BEGIN

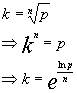 Here we need to find k, the nth root of p. i.e.,
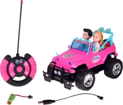 Set divertente per piccoli e grandi piloti: fuoristrada RC rosa con ruote grandi e due figurine (ragazza e ragazzo). L'auto ha fari anteriori luminosi, pneumatici in gomma per una buona aderenza, cinture di sicurezza regolabili sui sedili e controllo in 4 direzioni tramite telecomando rosa. Inclusa una batteria ricaricabile 3,7 V con ricarica USB.
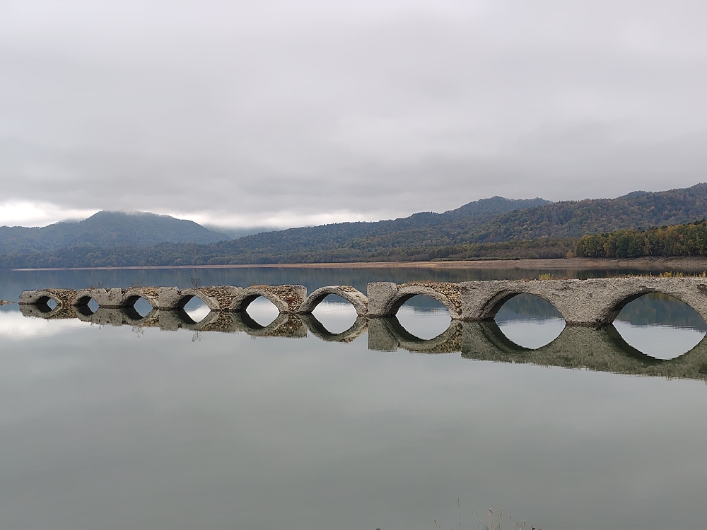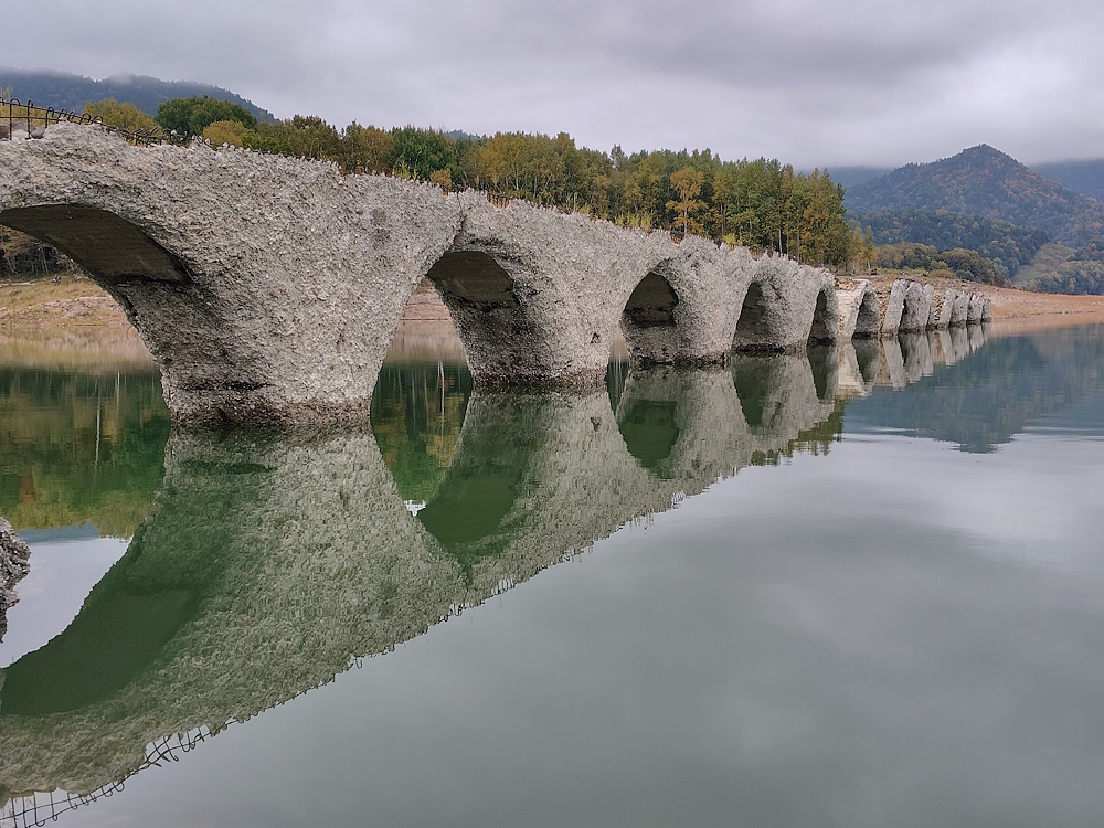 着いた時は、タウシュベツ橋の東側(湾内)が”油を流したような”という表現そのままの水面で、きれいに橋が反射していました。

END

Problem requirements:
The listing above is to be written out again exactly, with its pictures omitted.

Result for this exercise:
 Here we need to find k, the nth root of p. i.e.,
 Set divertente per piccoli e grandi piloti: fuoristrada RC rosa con ruote grandi e due figurine (ragazza e ragazzo). L'auto ha fari anteriori luminosi, pneumatici in gomma per una buona aderenza, cinture di sicurezza regolabili sui sedili e controllo in 4 direzioni tramite telecomando rosa. Inclusa una batteria ricaricabile 3,7 V con ricarica USB.
 着いた時は、タウシュベツ橋の東側(湾内)が”油を流したような”という表現そのままの水面で、きれいに橋が反射していました。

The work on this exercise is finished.